For now this only works with regression problems (continuous targets)

### Description

This advanced and automated model generates and selects feature tranformations and interactions using MLP neural networks with four single standing transformations (power, log, reciprocal and roots) and a Gradient Boosting Model with two interaction methods (multiplication and division) both using shapley additive contribution scores for selection criteria, the benefit of which is a selection of generated features that immitates neural networks and decision trees which is known to have synergetic ensembling properties. The final selection based on a validation set uses a the Least-angle regression (LARS) algorithm. 

The amount of feature can greatly inflate depending on the qulity of interactive effects and the benefits obtained from transformations. Although eight hyperparameters are made availble, for now I have chosen the parameters automatically based on data characteristics. These parameters in their current development state are fragile and on top of that hyperparameter selection is extremely expensive with this method. Each iteration passes through four selection filters. The data can pass multiple times through the tflm method, for now I have internally capped the iterations at two. This is an extremely slow algorithm, with the purpose of using a lot of time upfront to create good features that you can use a fast linear model in the future as opposed to a slow non-linear model. 
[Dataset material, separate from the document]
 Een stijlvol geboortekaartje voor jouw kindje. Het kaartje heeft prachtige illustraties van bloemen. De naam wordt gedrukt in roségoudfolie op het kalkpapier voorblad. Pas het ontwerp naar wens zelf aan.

In data analysis, transformation is the replacement of a variable by a function of that variable: for example, replacing a variable x by the square root of x or the logarithm of x. In a stronger sense, a transformation is a replacement that changes the shape of a distribution or relationship. Interactions arise when considering the relationship among three or more variables. It describes a situation in which the effect of one variable on an outcome depends on the state of a second variable. Interaction terms can be created in various ways such as the product of x and y or the ratio of x and y. 

### Use Cases

1. General Automated Feature Generation for Linear Models and Gradient Boosting Models (LightGBM, CatBoost, XGBoost)

1. Transformation of Higher-Dimensional Feature Space to Lower-Dimensional Feature Space.
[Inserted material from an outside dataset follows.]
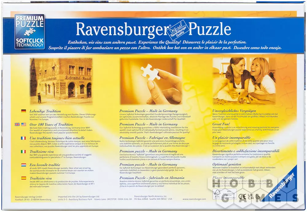 Пазлы Ravensburger изготавливаются из качественного картона, ярко оформляются и аккуратно вырубаются на современных станках. Неважно, опытный ли вы любитель пазлов, который уже собрал не одну большую картину, или начинающий энтузиаст – вы обязательно найдёте что-то по вкусу в линейке компании.

1. Features Automatically Generated and Selected to Imitate the Performance of Non-linear models

1. Linear Models are Needed at Times When Latency Becomes an Important Concern

### How

1. **MLP** Neural Network Identifies the Most Important Features for Interaction and Selection 

1. All Feature Importance and Feature Interaction Values are Based on **SHAP** (SHapley Additive exPlanations)

1. The Most Important Single Standing Features are Tranformed **POWER_2** (square) **LOG** (log plus 1) **RECIP** (reciprocal) **SQRT** (square root plus 1)

1. **GBM** Gradient Boosting Model uses the **MLP** Identified Important Features to Select a Subset of Important Interaction Pairs

1. The Most Important Interaction Pairs are Interacted **a_X_b** (multiplication) **c_DIV_h** (division) 

1. All Transformations are Fed as Input into an **MLP** model and Selected to **X%** (default 90%) Feature Contribution

1. The Whole Process is Repeated One More Time So That Higher Dimensional Interaction Can Take Place imagine **a_POWER_b_X_c_DIV_h**

1. Finally a **Lasso** Regression Selects Features from a Validation Set Using the **LARS algorithm** 

### To Do

1. Current parameter selection is based on data characteristics and bayesian hyperparameter optimisation could help.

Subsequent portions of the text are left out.